BMI · BMR · TDEE · Body Fat Calculator — WHO Asia-Pacific & Mifflin-St Jeor
Free body composition calculator: BMI with WHO Asia-Pacific thresholds (23 / 27.5), Mifflin-St Jeor BMR, Harris-Benedict comparison, TDEE with WHO/FAO/UNU activity factors, and US Navy Hodgdon-Beckett body fat formula. Pure browser, zero tracking.
Pure browser. Zero upload. Your measurements never leave this tab.
| WHO Global | — |
| WHO Asia-Pacific | — |
| Healthy range (Global) | — |
| Healthy range (Asian) | — |
| BMI Prime | — |
| Ponderal Index | — |
›Formula
BMI = weight (kg) / height (m)²
WHO 2000 + 2004 Asia-Pacific Consultation
Why WHO Asia-Pacific cutoffs matter
The default BMI cutoffs (18.5 / 25 / 30) were calibrated on European populations. WHO's 2004 Asia-Pacific Expert Consultation reviewed the evidence and concluded that Asian populations carry the same body-fat percentage and metabolic disease risk at lower BMI values, so the action lines should be 23 (overweight) and 27.5 (obese). Singapore, Hong Kong, and mainland China all reference these cutoffs in their public-health guidance. This calculator shows both classifications side by side.

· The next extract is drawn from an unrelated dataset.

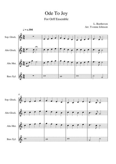Percussion Ensemble - Level 1 - Digital Download SKU: A0.767901 Composed by L. v. Beethoven. Arranged by Yvonne Johnson. Classical,Instructional,Romantic Period,Standards. Score and parts. 8 pages. Yvonne Johnson #2891251. Published by Yvonne Johnson (A0.767901). This lovely melody from Beethoven's 9th symphony has been arranged using simple harmonies and melodic Orff instruments. A fairly easy arrangement, with some broken chord work in the Alto Met part. Marimba could be substituted for the Bass Xyl This product was created by a member of ArrangeMe, Hal Leonard's global self-publishing community of independent composers, arrangers, and songwriters. ArrangeMe allows for the publication of unique arrangements of popular titles and original compositions from a variety of voices and backgrounds. The length, difficulty, and retail pricing are determined solely by the discretion of the person who arranged or composed it. About Digital Downloads Digital Downloads are downloadable sheet music files that can be viewed directly on your computer, tablet or mobile device. Once you download your digital sheet music, you can view and print it at home, school, or anywhere you want to make music, and you don’t have to be connected to the internet. Just purchase, download and play! PLEASE NOTE: Your Digital Download will have a watermark at the bottom of each page that will include your name, purchase date and number of copies purchased. You are only authorized to print the number of copies that you have purchased. You may not digitally distribute or print more copies than purchased for use (i.e., you may not print or digitally distribute individual copies to friends or students).

Mifflin-St Jeor vs Harris-Benedict
The 1919 Harris-Benedict equation overstates BMR for most modern adults by 5–10%. A 2005 American Dietetic Association systematic review found Mifflin-St Jeor (1990) the most accurate of the major BMR formulas, with 82% of estimates falling within ±10% of measured values. We default to Mifflin-St Jeor and show the 1984 Roza-Shizgal revision of Harris-Benedict alongside it so you can see how much the formula choice matters.

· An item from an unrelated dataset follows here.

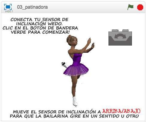 Aplicando el procedimiento explicado en el apartado "PR3. La bailarina" puedes crear una animación similar donde sea posible animar el movimiento de un objeto usando el sensor de inclinación de Lego WeDo 2. Para ello puedes utilizar los activos contenidos en este proyecto: 03_patinadora.sb2

Activity multipliers from WHO/FAO/UNU
TDEE multipliers across online calculators vary wildly (1.2 to 2.0+), which produces up to 400 kcal/day of disagreement for the same person. The 1.2 / 1.375 / 1.55 / 1.725 / 1.9 values used here come from the WHO/FAO/UNU 2004 Human Energy Requirements consultation (Technical Report 935), with the original activity descriptions next to each multiplier.
US Navy body fat formula (Hodgdon-Beckett)
The US Navy method, published in 1984 by Hodgdon and Beckett (NHRC reports 84-11 and 84-29), needs only a soft tape measure and is the official body-composition test for the DoD (Instruction 1308.3). It estimates body density from neck and waist circumference (and hip for women) and converts to %BF via the Siri equation. Standard error of estimate is ±3.5% (men) and ±3.7% (women) compared to underwater weighing — accurate enough for most uses, with the caveat that very lean or very heavy bodies fall outside the calibration range.
FAQ
- Why does this calculator show two BMI categories?
- Because risk thresholds differ by ancestry. WHO Global cutoffs were calibrated on European data; the 2004 WHO Asia-Pacific consultation found that Asian populations reach the same body-fat and metabolic-disease risk at lower BMI, so the overweight line is 23 and the obese line is 27.5. Showing both makes the difference explicit instead of hiding it behind a single number.
- Which BMR formula should I use, Mifflin-St Jeor or Harris-Benedict?
- Mifflin-St Jeor (1990) is the more accurate choice for most modern adults — a 2005 ADA systematic review found it hits within ±10% of indirect-calorimetry values about 82% of the time, beating Harris-Benedict by roughly 5 percentage points. We default to MSJ but display the 1984 Roza-Shizgal revision of Harris-Benedict alongside so you can see the gap.
- How accurate is the US Navy body fat formula?
- Standard error of estimate is about ±3.5% for men and ±3.7% for women compared to hydrostatic (underwater) weighing — accurate enough for most fitness and military uses, less reliable at extreme leanness or extreme obesity. It is the official DoD body-composition test (Instruction 1308.3) and only needs a soft tape measure.
- Is my data sent anywhere?
- No. Every calculation runs entirely in your browser via JavaScript. No height, weight, age, or measurement values are uploaded or logged.